23 SES 10 B, PIAAC (Part 1)
Symposium to be continued in 23 SES 11 B
The PIAAC survey sets out to estimate the proportion of the adult population of participating countries at particular skill levels of “literacy,” “numeracy” and “computer use.” The information coming from this survey lacks clarity and application, to a large extent due to the shallow conceptual underpinnings of the measurement approach (St.Clair, 2013). Claims that PIAAC findings can inform human capital analysis and the policy arising from it are not well supported, and indeed can be seen as overblown. However, the PIAAC dataset is a unique resource for informing a different set of questions. The starting point for this discussion is the policy context of PIAAC and its results, and how they are being used in Canada. Critical policy analysis provides a means to understand how and why the values of one group are shaping public discourse (Grimley 1986), and can be considered as a three step process linking the global and local, exploring the policy, and exemplifying the effects (Rata 2014).

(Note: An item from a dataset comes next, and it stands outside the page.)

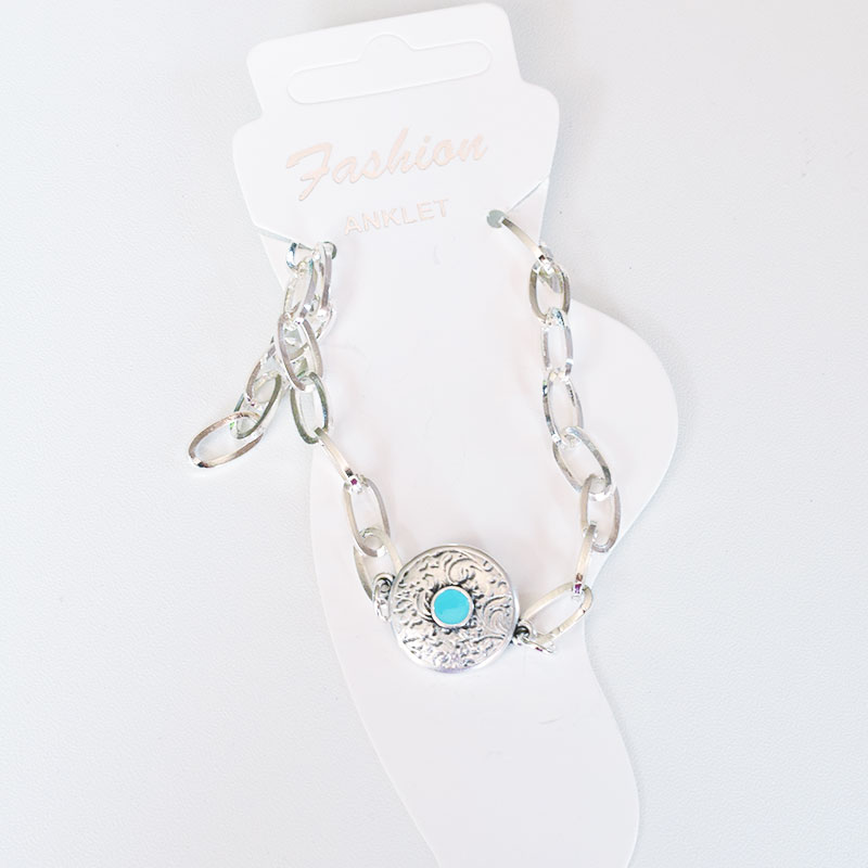 Αλυσίδα ποδιού ατσάλινη ασημί τυρκουαζ

One striking outcome of this analysis is the extent to which Canada has led, and invested in, PIAAC development and implementation, and yet has not applied the results in policy. One of the less appreciated features of the PIAAC dataset is the enormous amount of background information collected from participants. This information is used to condition and weight the tested outcomes in the process of determining the high level outcomes and population profiles. However, it has great potential to tell us about the patterns of participation and valued knowledge in our society in its own right (St. Clair, 2016). I conclude the analysis with a discussion of possible policy futures that would allow the resources and efforts committed to PIAAC to lead to better understanding of literacy and its social significance beyond simplistic models of human capital.
Grimley, J. (1986). Critical educational policy analysis: A discussion of perspectives. Australian Journal of Teacher Education 11(2), 19-26. Rata, E. (2014). The three stages of critical policy methodology: An example from curriculum analysis. Policy Futures in Education, 12(3), 347-358. St. Clair, R. (2013) The limits of levels: Understanding the International Adult Literacy Surveys. International Review of Education, 58(6), pp. 759-776. St. Clair, R. (2016). Plus ça change – The failure of PIAAC to drive evidence-based policy in Canada. Redaktion Zeitschrift für Weiterbildungsforschung, 39(2), 225-239.